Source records

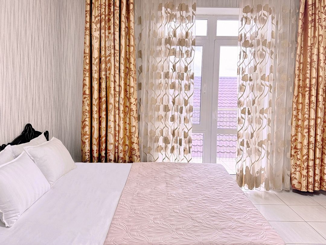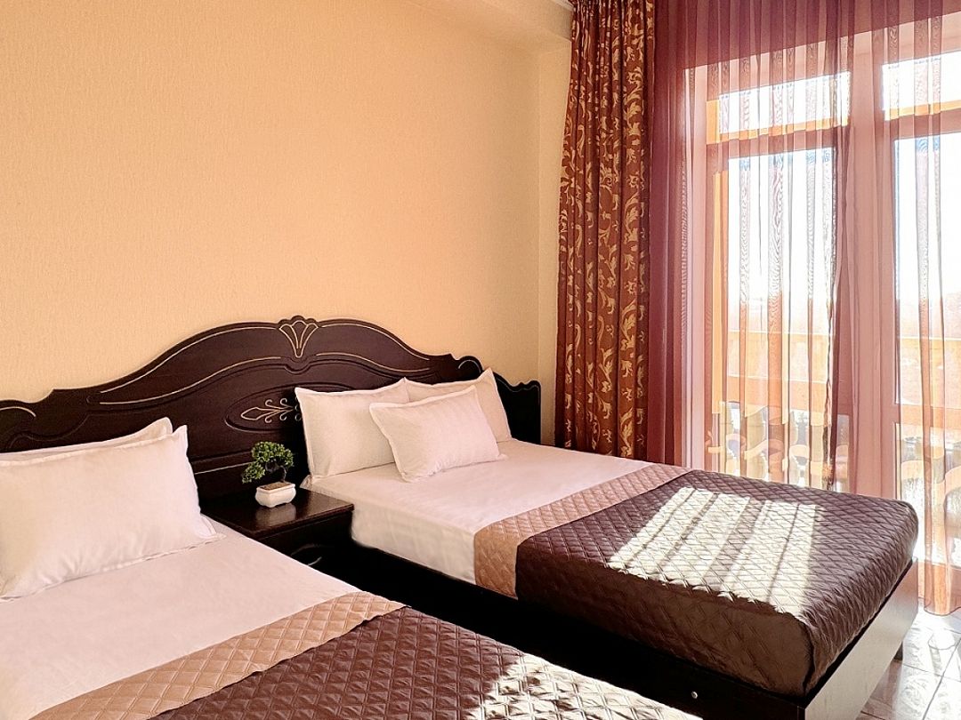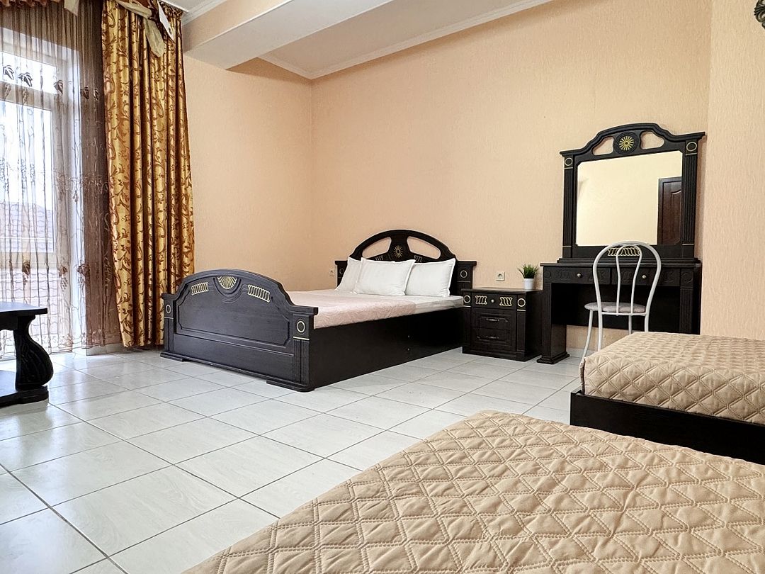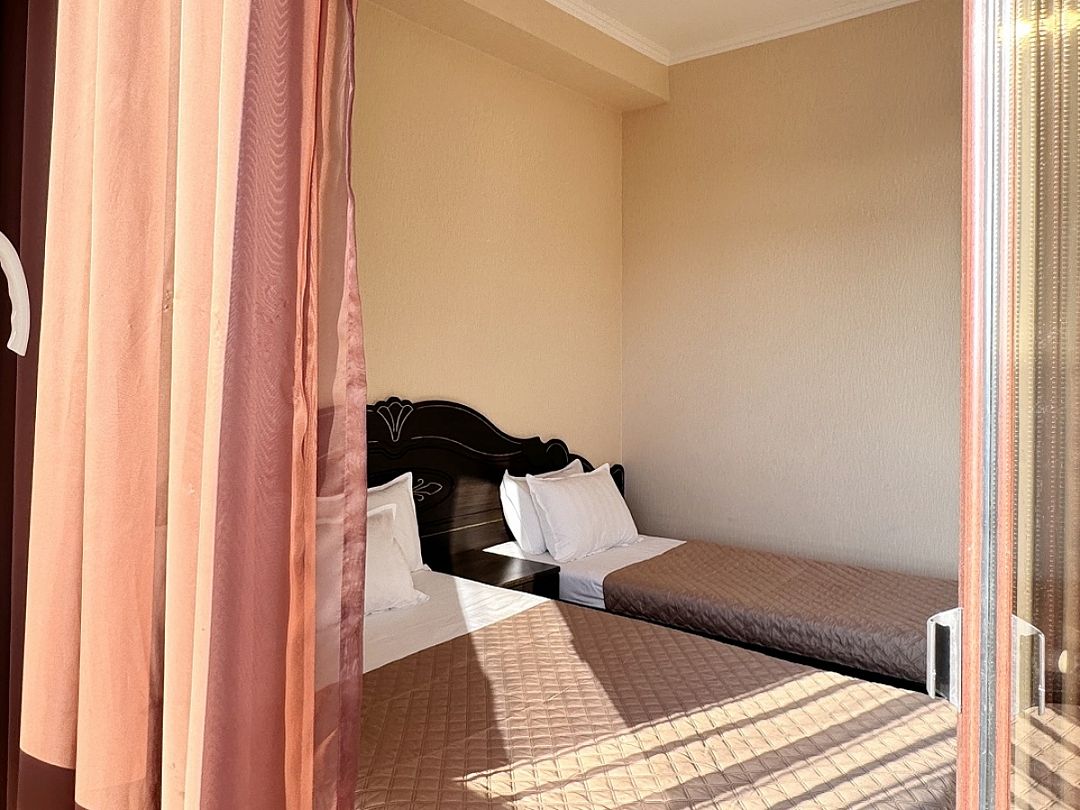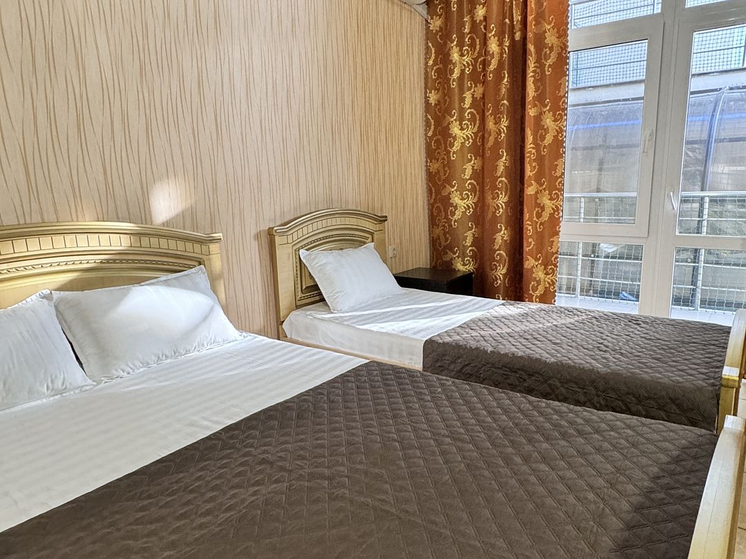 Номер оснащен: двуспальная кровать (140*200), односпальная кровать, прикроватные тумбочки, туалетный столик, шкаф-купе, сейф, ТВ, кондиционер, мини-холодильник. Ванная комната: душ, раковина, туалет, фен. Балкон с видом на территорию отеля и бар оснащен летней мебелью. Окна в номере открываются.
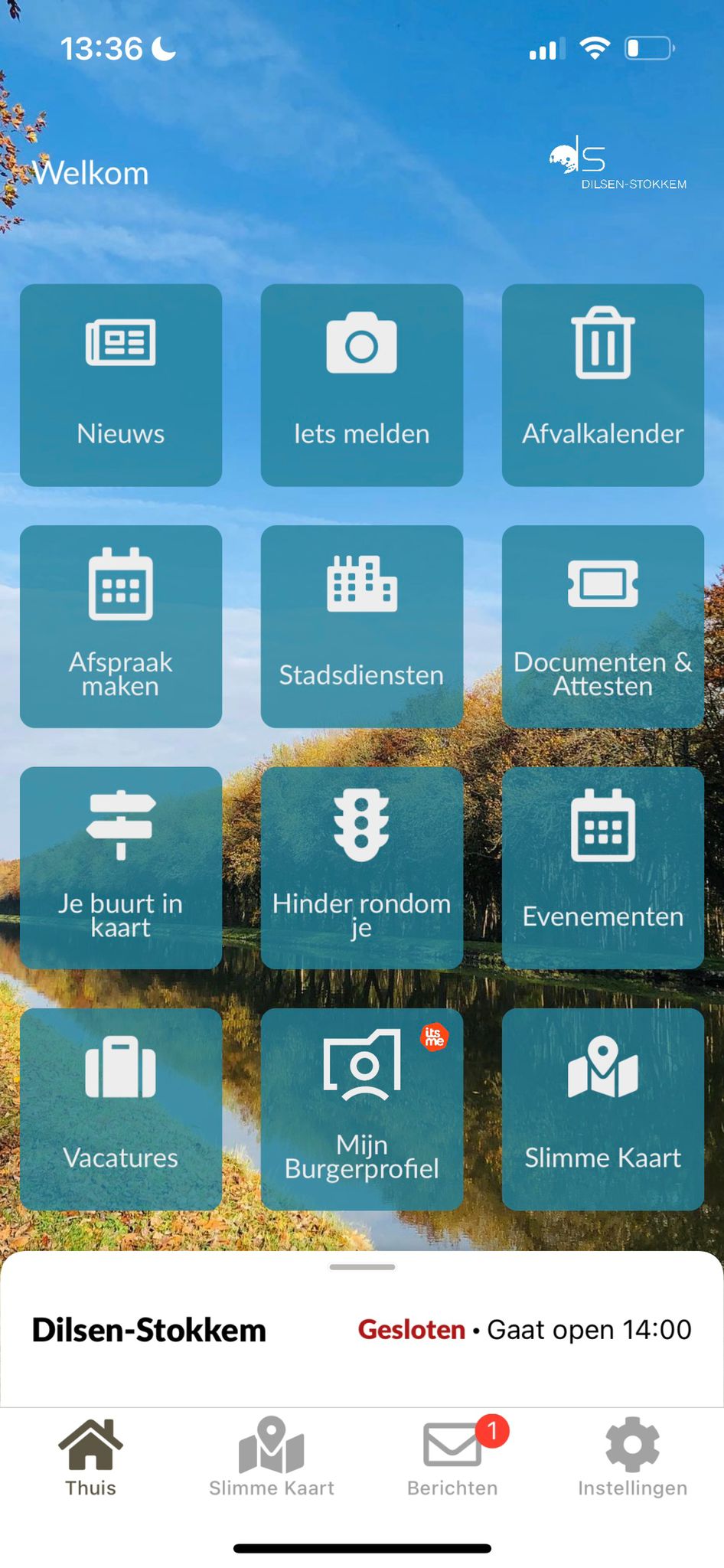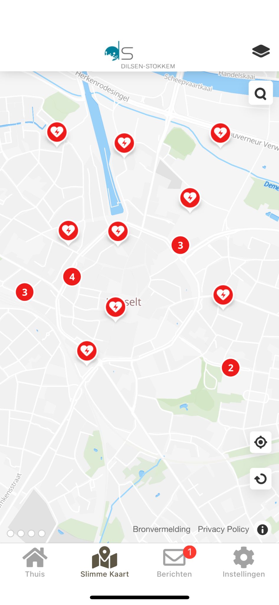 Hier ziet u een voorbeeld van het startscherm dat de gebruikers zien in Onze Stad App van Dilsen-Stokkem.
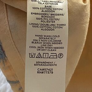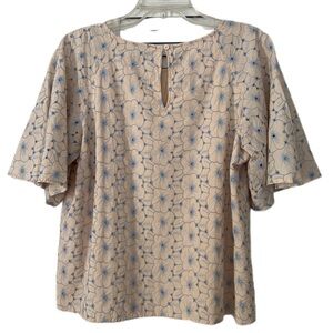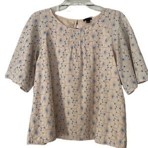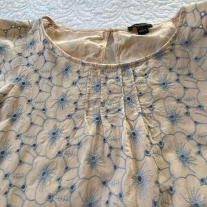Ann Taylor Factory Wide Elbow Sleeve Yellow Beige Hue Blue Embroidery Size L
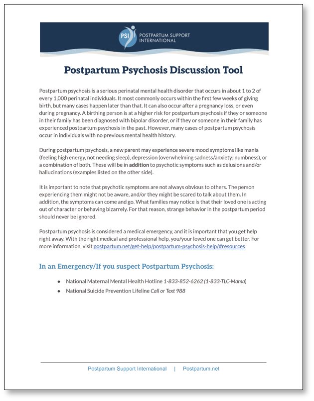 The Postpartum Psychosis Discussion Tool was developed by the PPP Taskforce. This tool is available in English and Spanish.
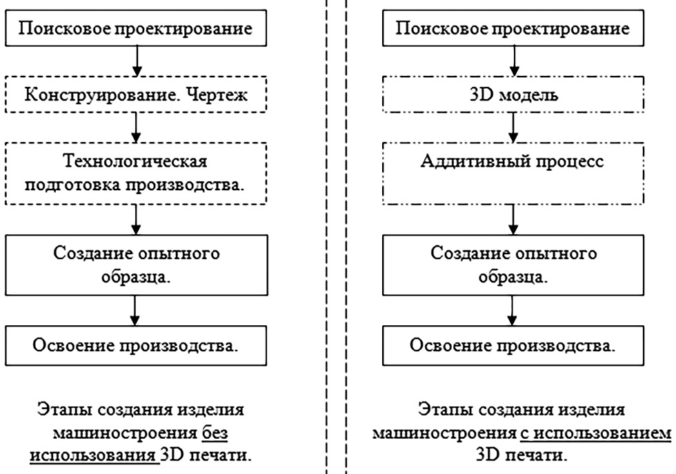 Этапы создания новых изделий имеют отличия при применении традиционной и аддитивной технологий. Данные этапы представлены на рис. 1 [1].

▶ [YOUR OBJECTIVE]:
One exact copy of the data, no pictures: write it out line for line.

▶ [ANSWER AREA]:
 Номер оснащен: двуспальная кровать (140*200), односпальная кровать, прикроватные тумбочки, туалетный столик, шкаф-купе, сейф, ТВ, кондиционер, мини-холодильник. Ванная комната: душ, раковина, туалет, фен. Балкон с видом на территорию отеля и бар оснащен летней мебелью. Окна в номере открываются.
 Hier ziet u een voorbeeld van het startscherm dat de gebruikers zien in Onze Stad App van Dilsen-Stokkem.
Ann Taylor Factory Wide Elbow Sleeve Yellow Beige Hue Blue Embroidery Size L
 The Postpartum Psychosis Discussion Tool was developed by the PPP Taskforce. This tool is available in English and Spanish.
 Этапы создания новых изделий имеют отличия при применении традиционной и аддитивной технологий. Данные этапы представлены на рис. 1 [1].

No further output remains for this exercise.